DATA TO EXAMINE below:

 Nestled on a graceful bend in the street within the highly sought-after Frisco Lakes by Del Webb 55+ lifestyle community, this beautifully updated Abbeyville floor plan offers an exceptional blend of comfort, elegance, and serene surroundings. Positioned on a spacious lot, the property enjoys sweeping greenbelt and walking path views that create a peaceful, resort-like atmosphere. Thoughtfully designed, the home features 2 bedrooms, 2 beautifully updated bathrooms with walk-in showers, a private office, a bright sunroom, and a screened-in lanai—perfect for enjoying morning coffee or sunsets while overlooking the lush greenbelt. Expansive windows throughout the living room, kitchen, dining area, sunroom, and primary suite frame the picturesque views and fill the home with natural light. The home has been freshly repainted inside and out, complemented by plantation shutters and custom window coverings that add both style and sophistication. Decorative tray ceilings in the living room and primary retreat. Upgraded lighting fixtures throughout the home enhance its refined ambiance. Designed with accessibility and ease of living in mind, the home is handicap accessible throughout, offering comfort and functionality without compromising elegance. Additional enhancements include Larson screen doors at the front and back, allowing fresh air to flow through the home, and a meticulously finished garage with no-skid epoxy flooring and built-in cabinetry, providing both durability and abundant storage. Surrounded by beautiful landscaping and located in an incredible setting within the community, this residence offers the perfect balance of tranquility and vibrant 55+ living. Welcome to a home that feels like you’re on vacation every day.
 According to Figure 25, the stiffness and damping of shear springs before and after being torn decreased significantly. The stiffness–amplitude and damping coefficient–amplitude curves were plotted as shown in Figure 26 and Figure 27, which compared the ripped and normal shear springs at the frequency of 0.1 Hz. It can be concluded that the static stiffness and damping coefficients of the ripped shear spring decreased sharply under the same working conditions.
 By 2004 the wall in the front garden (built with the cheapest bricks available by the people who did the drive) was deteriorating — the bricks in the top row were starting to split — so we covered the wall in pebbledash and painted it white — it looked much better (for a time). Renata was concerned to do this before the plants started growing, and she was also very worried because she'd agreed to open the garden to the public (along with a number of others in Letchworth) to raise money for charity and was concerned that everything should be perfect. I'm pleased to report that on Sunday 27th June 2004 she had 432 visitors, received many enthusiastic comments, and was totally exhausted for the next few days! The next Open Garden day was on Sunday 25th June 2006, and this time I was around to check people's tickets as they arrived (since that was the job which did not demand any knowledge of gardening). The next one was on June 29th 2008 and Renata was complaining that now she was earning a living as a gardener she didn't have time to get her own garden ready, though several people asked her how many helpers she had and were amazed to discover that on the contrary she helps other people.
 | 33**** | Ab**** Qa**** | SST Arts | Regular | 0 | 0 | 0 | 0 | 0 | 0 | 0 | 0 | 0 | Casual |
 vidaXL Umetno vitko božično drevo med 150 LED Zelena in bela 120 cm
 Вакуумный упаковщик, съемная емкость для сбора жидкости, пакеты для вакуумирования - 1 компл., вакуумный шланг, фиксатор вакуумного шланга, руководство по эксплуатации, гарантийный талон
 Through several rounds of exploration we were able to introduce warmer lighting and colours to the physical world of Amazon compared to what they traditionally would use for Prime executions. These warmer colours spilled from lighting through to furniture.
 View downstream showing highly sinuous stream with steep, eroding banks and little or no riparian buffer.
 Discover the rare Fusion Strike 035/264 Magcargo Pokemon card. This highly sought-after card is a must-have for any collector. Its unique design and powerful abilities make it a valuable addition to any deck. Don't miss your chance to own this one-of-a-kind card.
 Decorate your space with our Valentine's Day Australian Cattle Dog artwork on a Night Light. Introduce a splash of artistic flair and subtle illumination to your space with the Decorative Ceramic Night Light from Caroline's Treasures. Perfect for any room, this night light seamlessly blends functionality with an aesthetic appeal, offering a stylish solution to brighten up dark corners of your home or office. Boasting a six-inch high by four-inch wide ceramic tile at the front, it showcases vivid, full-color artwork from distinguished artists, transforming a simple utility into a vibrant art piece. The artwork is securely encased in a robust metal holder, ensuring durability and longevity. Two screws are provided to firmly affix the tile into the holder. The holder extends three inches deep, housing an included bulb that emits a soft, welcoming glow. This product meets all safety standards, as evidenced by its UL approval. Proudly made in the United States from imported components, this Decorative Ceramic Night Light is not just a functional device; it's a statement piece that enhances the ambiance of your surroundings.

End of DATA TO EXAMINE.

> _EXERCISE AIM_
Give a tally of the lines in the listing above that contain the word "compared", and provide nothing beyond the number.

> _ANSWER TO THIS EXERCISE_
2